▸ Input:
======
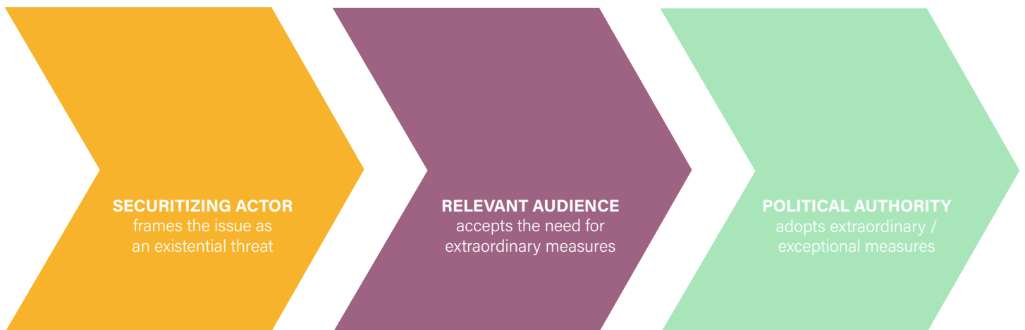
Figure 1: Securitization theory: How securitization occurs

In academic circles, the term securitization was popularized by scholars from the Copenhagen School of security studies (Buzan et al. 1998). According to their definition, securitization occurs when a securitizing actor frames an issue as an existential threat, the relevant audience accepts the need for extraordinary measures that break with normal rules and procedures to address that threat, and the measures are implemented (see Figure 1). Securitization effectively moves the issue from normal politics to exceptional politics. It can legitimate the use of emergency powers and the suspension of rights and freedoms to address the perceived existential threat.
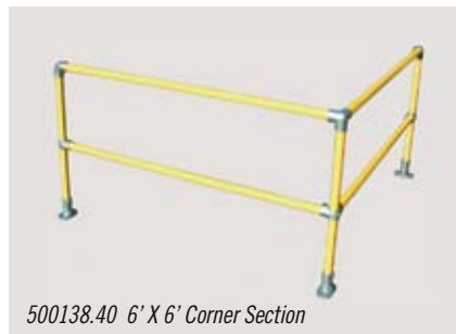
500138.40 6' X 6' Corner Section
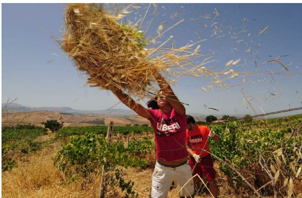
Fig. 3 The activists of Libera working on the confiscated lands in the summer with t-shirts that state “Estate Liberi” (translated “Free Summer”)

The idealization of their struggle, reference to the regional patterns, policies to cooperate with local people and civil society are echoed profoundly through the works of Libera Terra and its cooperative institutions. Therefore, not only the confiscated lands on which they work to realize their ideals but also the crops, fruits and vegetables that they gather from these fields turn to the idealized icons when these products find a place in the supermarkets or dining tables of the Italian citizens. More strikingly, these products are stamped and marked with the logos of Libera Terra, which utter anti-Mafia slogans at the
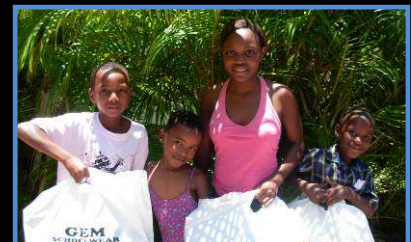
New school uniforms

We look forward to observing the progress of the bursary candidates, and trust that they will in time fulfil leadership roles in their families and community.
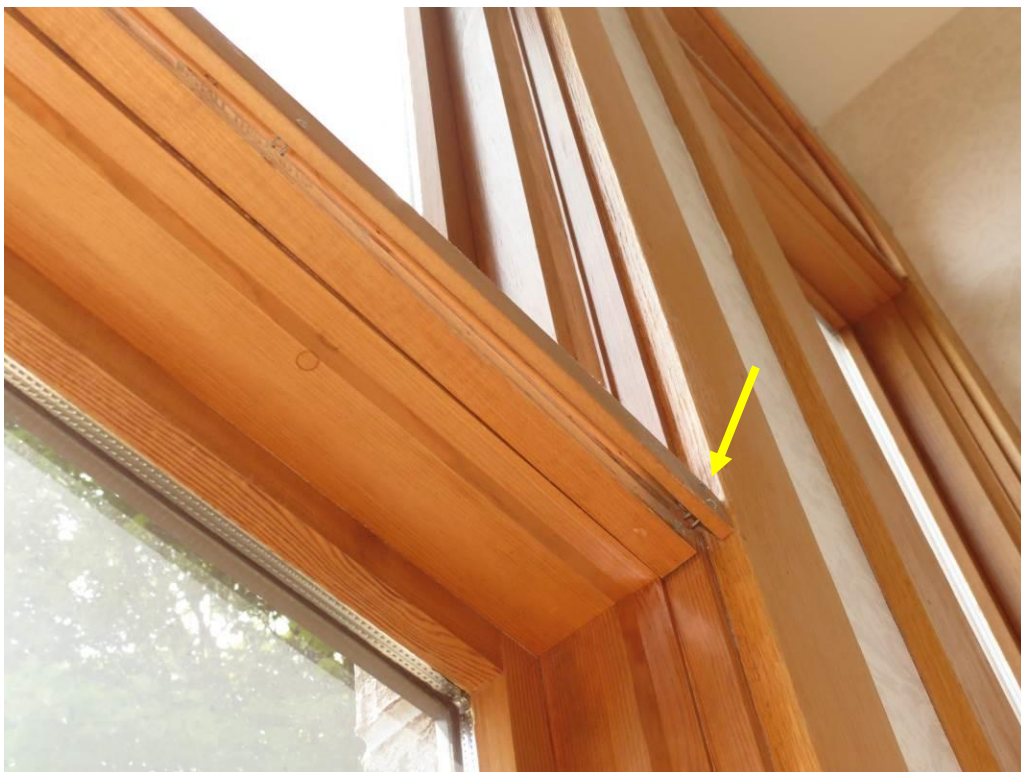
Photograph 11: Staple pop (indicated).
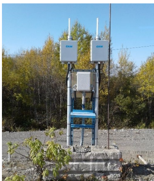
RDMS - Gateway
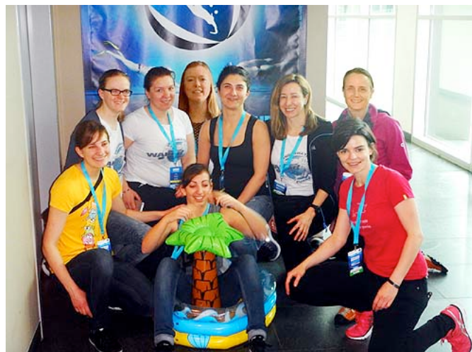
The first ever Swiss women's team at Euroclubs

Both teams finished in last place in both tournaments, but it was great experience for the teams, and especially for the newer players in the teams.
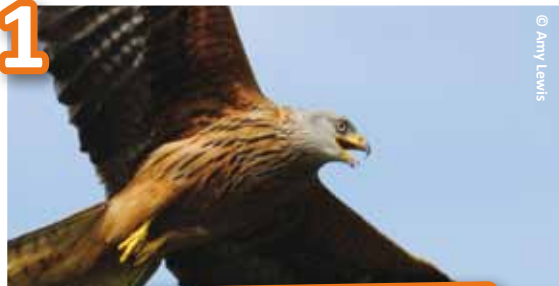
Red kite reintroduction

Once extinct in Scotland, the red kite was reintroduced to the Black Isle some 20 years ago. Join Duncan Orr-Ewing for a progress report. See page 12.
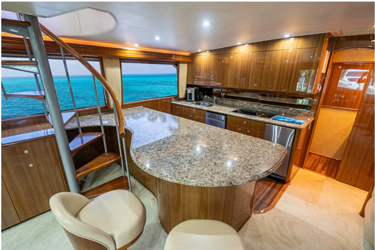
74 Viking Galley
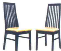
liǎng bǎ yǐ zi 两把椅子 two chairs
======
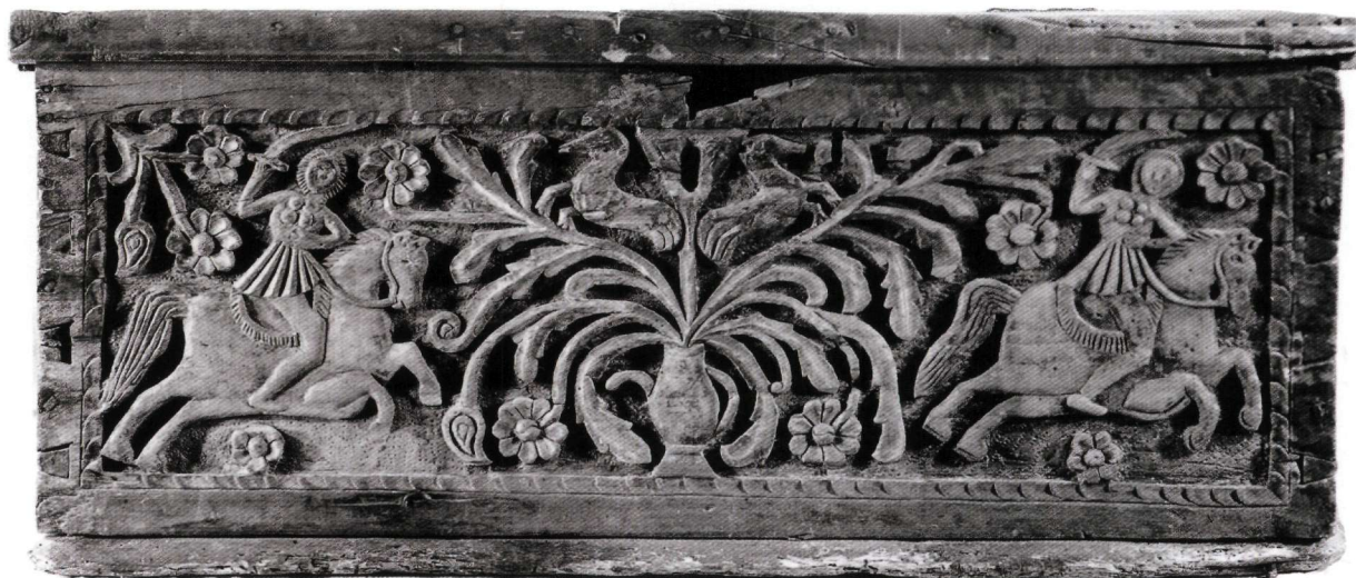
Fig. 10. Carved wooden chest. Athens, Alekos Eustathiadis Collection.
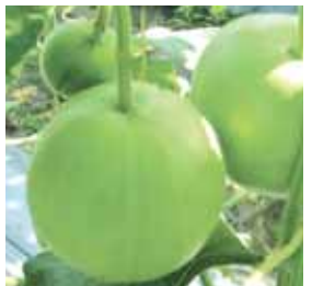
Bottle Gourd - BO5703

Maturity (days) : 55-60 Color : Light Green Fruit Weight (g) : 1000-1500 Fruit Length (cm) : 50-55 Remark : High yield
======
▸ Task to complete: Report how many lines in the data include the string "kite", giving nothing but that number.

▸ Expected output: 2